Baking day

Step by step to your own bread:
The students learn everything worth knowing about the former importance and production of what is still the most important of all foods.

Container
Grades:3rd to 6th grade
Duration:180 minutes
German price:€ 14,00 per pupils
Price for other languages:€ 14,50 per pupils                 
No. of participants:at least 12 pupils per group
Sprachen:German                       English                                 French                   
Practical part:Baking bread
Please consider:
For organizational reasons, this program only takes place on Wednesdays and Fridays.
When registering, please let us know if there are any food intolerances or alternative forms of nutrition in the class.

In the past, daily bread was not just a quick trip to the baker, but a whole year's work. To make bread, you needed flour.
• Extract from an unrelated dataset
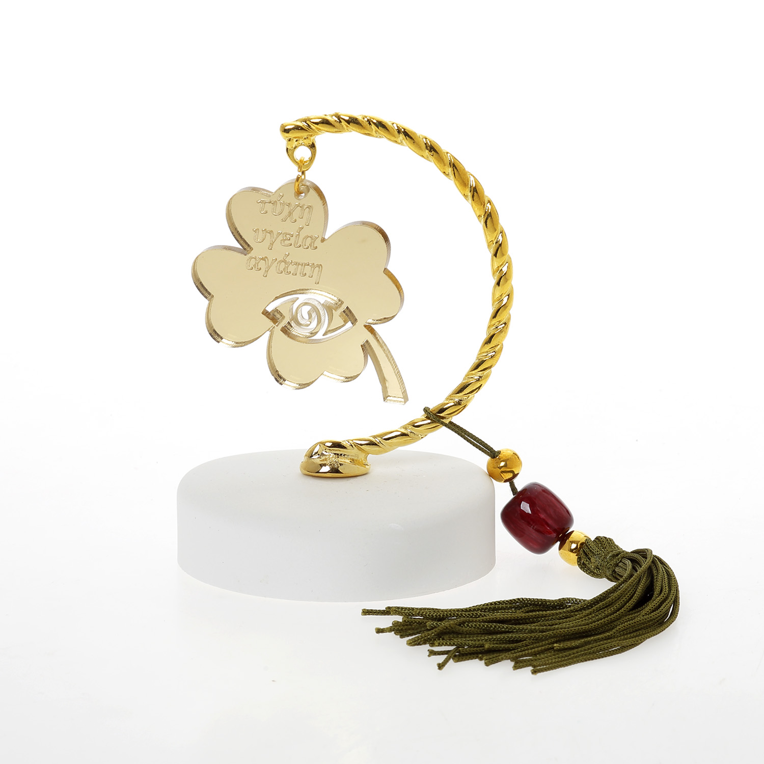 Βραχάκι οβάλ γύψος τριφύλλι μάτι ευχές Plexiglass με λαδί φούντα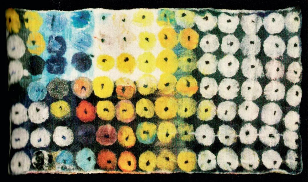 点通常给人轻快、跳跃的感觉。连续排列且大小交替变化的点,还能形成很强的节奏感和运动感。羊毛毡材料由于特有的触感属性,其点状肌理能带来不同于其他材料的心理感受。羊毛毡艺术中的点状肌理有多种形式,它们有些是毡化工艺前期就预设的,也有些是毡化完成后人为加工出来的。点状肌理在羊毛毡艺术作品中扮演着重要的角色,它以不同的数量、形状、颜色、大小以及不同的组合方式出场,影响着作品的艺术表现。羊毛毡艺术作品

In order to be able to grind this, grains of grain were needed, which, however, were not so easy to come by.

Long before that, the various types of grain had to be sown, cared for, harvested, threshed and finally separated from the chaff. When there were no tractors or combine harvesters for all this work, the farmers needed a variety of equipment - apart from good weather - 
from the plough, the harrow and the field roller to the flail, the cleaning mill and the baking trough.

For centuries, the most important station was the mill. And since the museum is exceptionally fortunate to have a home grinder that is over 400 years old and still in good working order, it goes without saying that it can also be seen in operation: how the heavy mill wheel starts to move and with it an audible rattling, knocking and shaking causes.

Practical part:
Anyone who has gotten to know the traditional cultivation of grain so thoroughly and vividly will eventually want to bake a datsch cake themselves. The children are of course allowed to do that in the old wooden baking house - and finally eat it with relish.